§ **The task**
Reproduce each line of the following material exactly, omitting the images.

Start of Given data

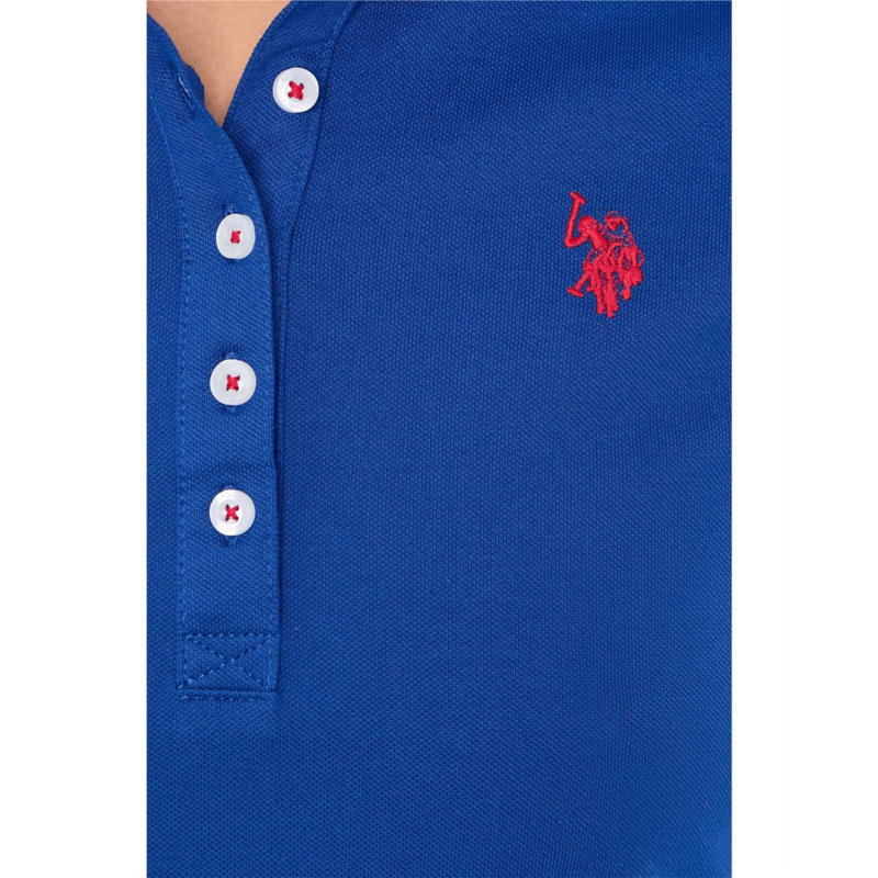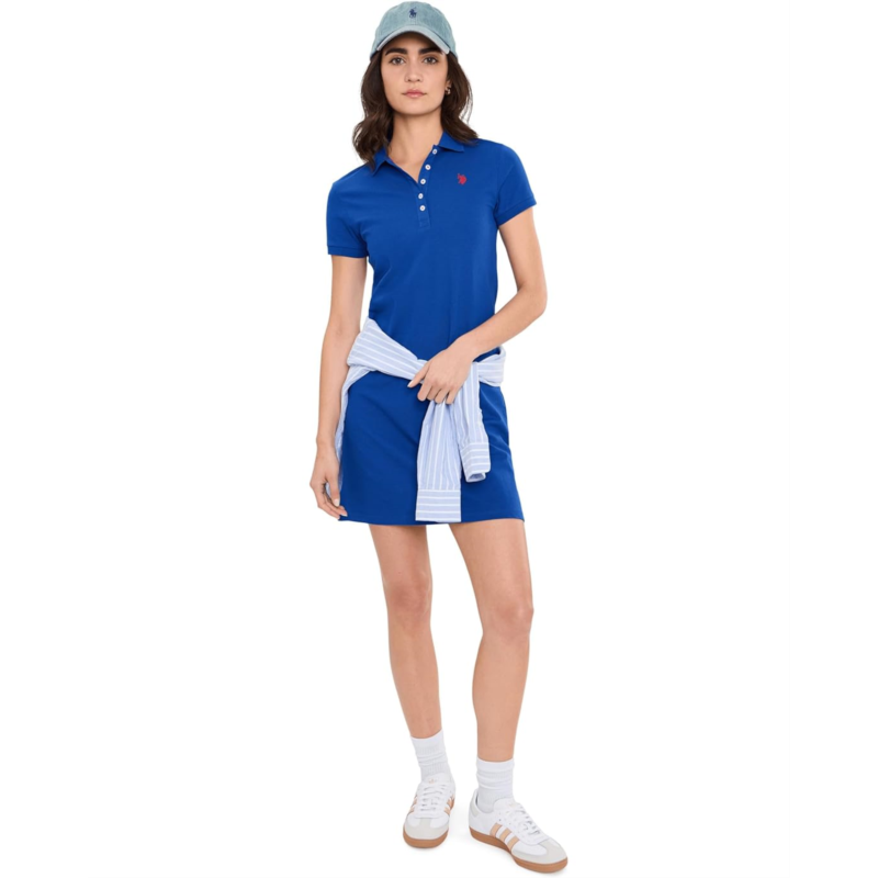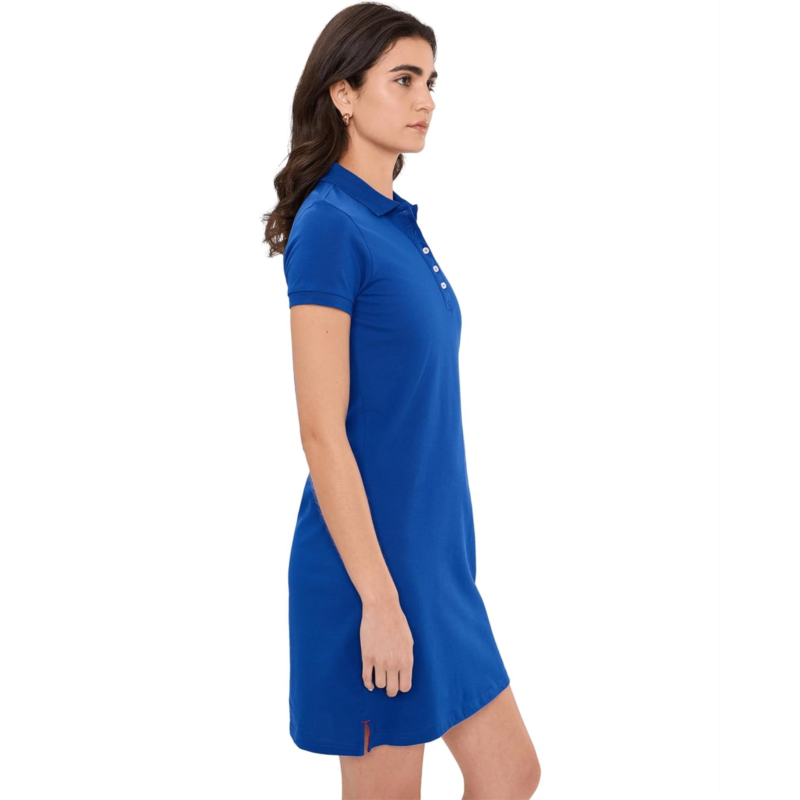 Show off sporty aesthetics and a comfortable style wearing the U.S. POLO ASSN. USPA Classic Polo Dress. The collared dress features a quarter-button closure, short sleeves, embroidered pony at the chest, and an above-the-knee length with side slits.
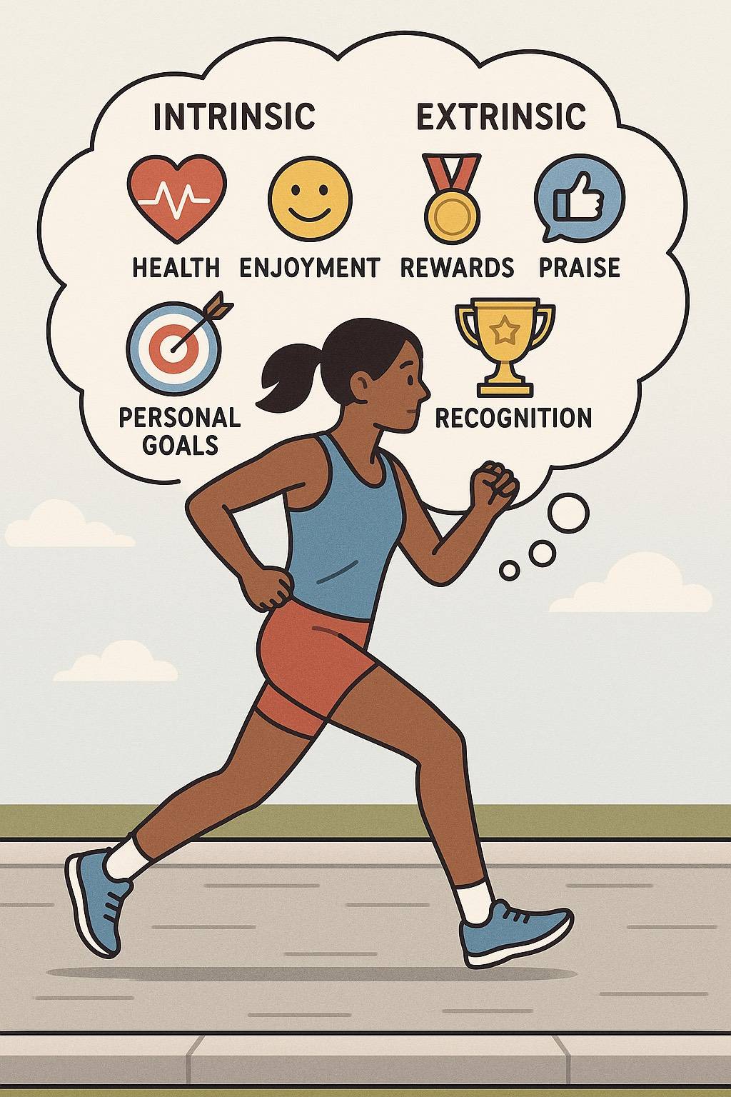 Many runners begin with motivations that appear extrinsic, such as running to spend time with friends, joining a running group, or collecting race medals. Over time, as they build skill and confidence, their motivation often becomes more internalized, shifting toward personal growth, enjoyment, and a deeper sense of purpose.
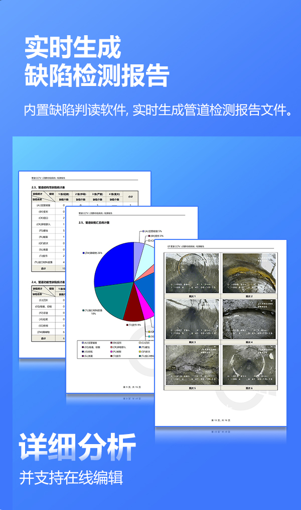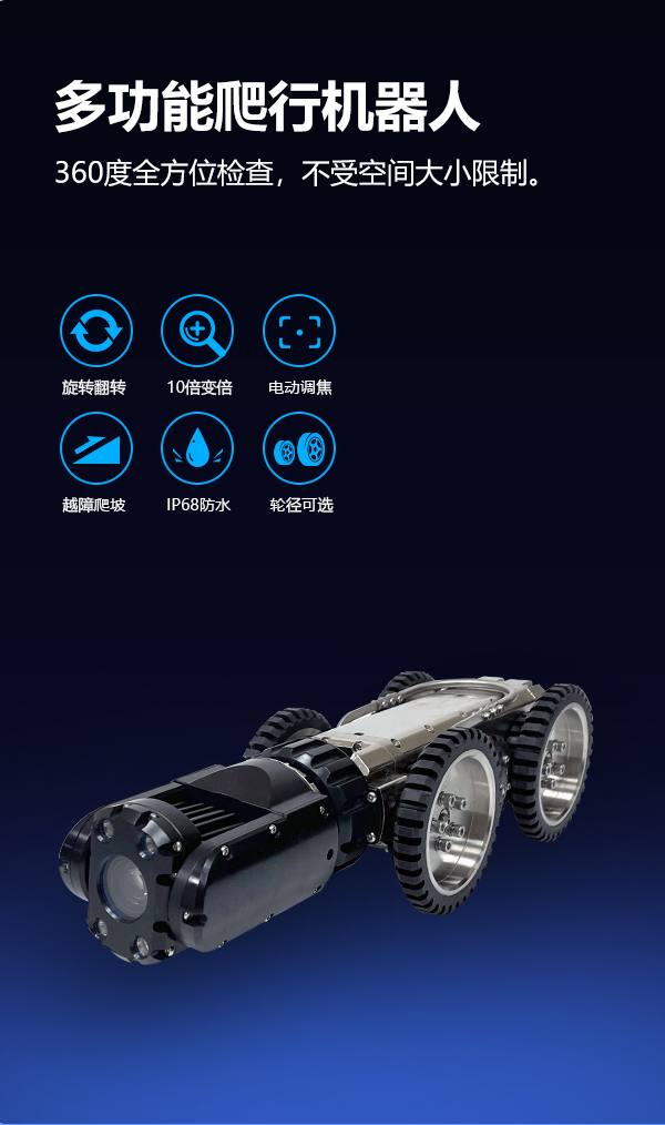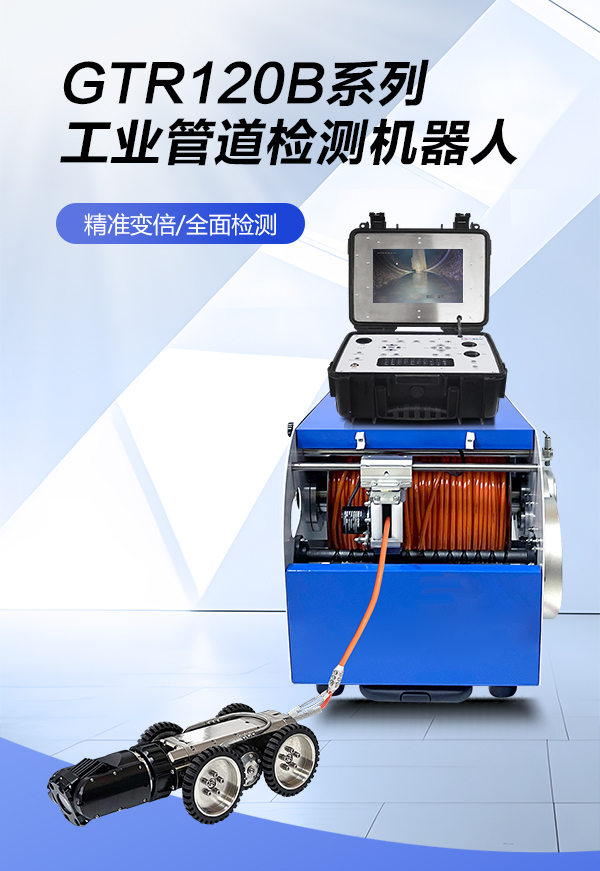 GTR120B系列工業管道檢測機器人是一款具備變倍功能的超清管道內部檢測機器人,能夠代替人工進入 管道內部,通過搖桿控制 爬行器的進退、轉彎以及鏡頭的旋轉、翻轉,輕觸式按鍵進行變倍調焦、拍錄、回放等操作,為判斷提供及時、詳細的圖像物證。采用變倍調焦鏡頭,不受空間大小限制,200萬高清鏡頭,還原細節,前后雙視設計,實施呈現倒車影像;搭載計米裝置,輔助判斷缺陷位置,中英文實時標注,及時記錄缺陷信息。產品適用于150mm~2000mm直徑的遠距離管道檢測,用于檢測管道內部的裂紋、腐蝕、焊縫、異物等缺陷。

End of Given data

§ **Exercise response**
 Show off sporty aesthetics and a comfortable style wearing the U.S. POLO ASSN. USPA Classic Polo Dress. The collared dress features a quarter-button closure, short sleeves, embroidered pony at the chest, and an above-the-knee length with side slits.
 Many runners begin with motivations that appear extrinsic, such as running to spend time with friends, joining a running group, or collecting race medals. Over time, as they build skill and confidence, their motivation often becomes more internalized, shifting toward personal growth, enjoyment, and a deeper sense of purpose.
 GTR120B系列工業管道檢測機器人是一款具備變倍功能的超清管道內部檢測機器人,能夠代替人工進入 管道內部,通過搖桿控制 爬行器的進退、轉彎以及鏡頭的旋轉、翻轉,輕觸式按鍵進行變倍調焦、拍錄、回放等操作,為判斷提供及時、詳細的圖像物證。采用變倍調焦鏡頭,不受空間大小限制,200萬高清鏡頭,還原細節,前后雙視設計,實施呈現倒車影像;搭載計米裝置,輔助判斷缺陷位置,中英文實時標注,及時記錄缺陷信息。產品適用于150mm~2000mm直徑的遠距離管道檢測,用于檢測管道內部的裂紋、腐蝕、焊縫、異物等缺陷。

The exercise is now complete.